Chanin strives for balance, finesse, length, and complexity: “Balance over fruit. Complexity over hyper-alcoholic concentration.”
His employer, Qupé winemaker Bob Lindquist, has known Chanin his entire life, having worked with his father, Tony Chanin, at Zaca Mesa Winery in Los Olivos in 1980.
“He’s a great kid. … Gavin grew up around wine and wines of balance. That carries over to his wines,” Lindquist said. “His wines are really good, restrained, and classically styled.”
So how did this young talent capture so much attention on such a large scale so fast? By pounding the pavement and dazzling the sommeliers at upscale San Francisco and Los Angeles restaurants, getting his food-friendly Chanin Pinot Noir and Chardonnay onto their impressive wine lists.

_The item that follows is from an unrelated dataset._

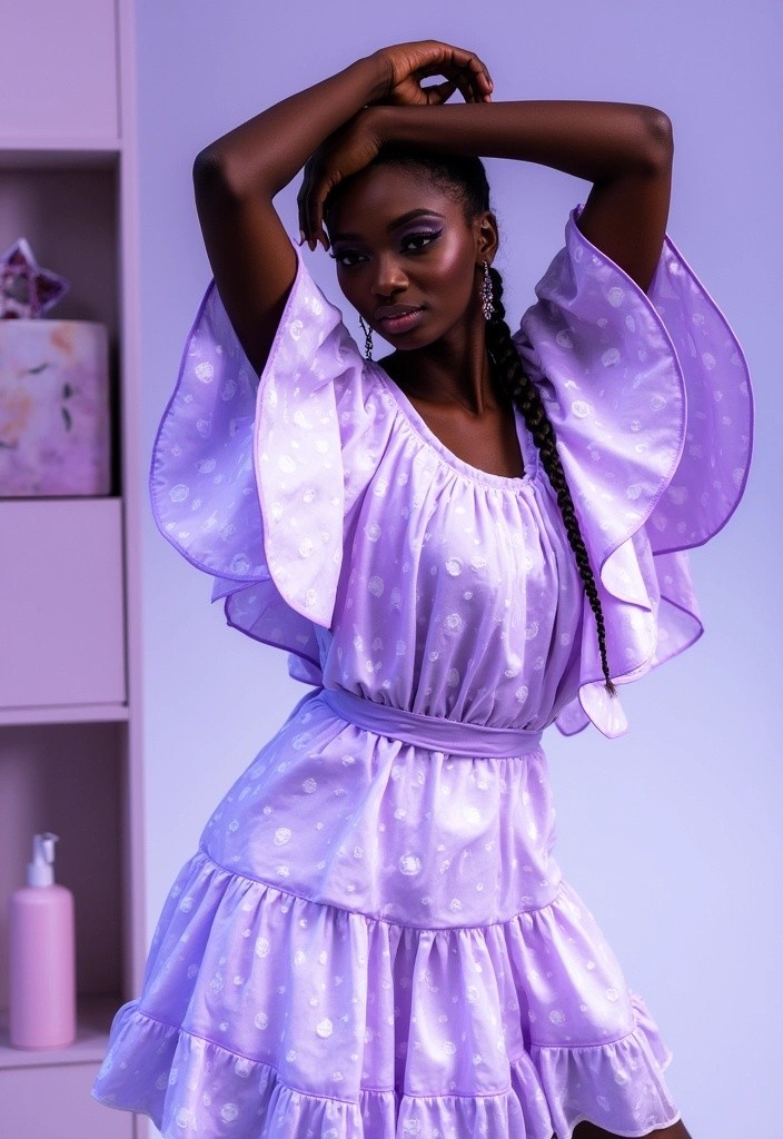 This is a high-quality photograph of a dark-skinned woman with a slender, toned physique and an elegant posture. She is wearing a light purple, semi-transparent, short-sleeved dress with ruffled, puffed sleeves and a fitted bodice that flares out into a layered skirt. The dress features a delicate pattern of small white polka dots and a subtle sheen, giving it a soft, ethereal texture. Her arms are raised above her head, with her right hand resting on her forehead and her left arm bent at the elbow. She has long, braided hair that falls over her right shoulder. Her makeup is subtle, with a focus on her eyes, which are accentuated with dark eyeliner and mascara. She wears small, dangling earrings. The background is a gradient of light to dark purple, adding a dreamy atmosphere to the image. To the left, there is a white shelving unit with a few decorative items, including a star-shaped ornament and a pink bottle. The overall composition is balanced and visually appealing, with the model's pose and the soft, pastel colors creating a sense of grace and elegance. The lighting is soft and even, highlighting the texture and color of the dress.

“I didn’t think the wines, because of their style, would get a lot of critical acclaim, so I went and called on the best restaurants I could—Craft, Spago, Gary Danko, Michael Mina—and I think because it was in all these high-profile restaurants, people really started to notice it. I really think that’s why the press caught on from there,” Chanin said.
Perseverance and taking the path less traveled are paying off.
“It’s a weird shift, because I started out really small, delivering the wine myself, telling people about the wine, and now I meet people who’ve already heard about the wine, so that’s very weird, but it’s a good thing,” Chanin said. “I’m really excited because 2010 and 2011 for me personally were great vintages. I feel like I have some really awesome wines in the pipeline. It’s cool to be sold out of what I have, and then to be moving on to some wines I’m really excited about.”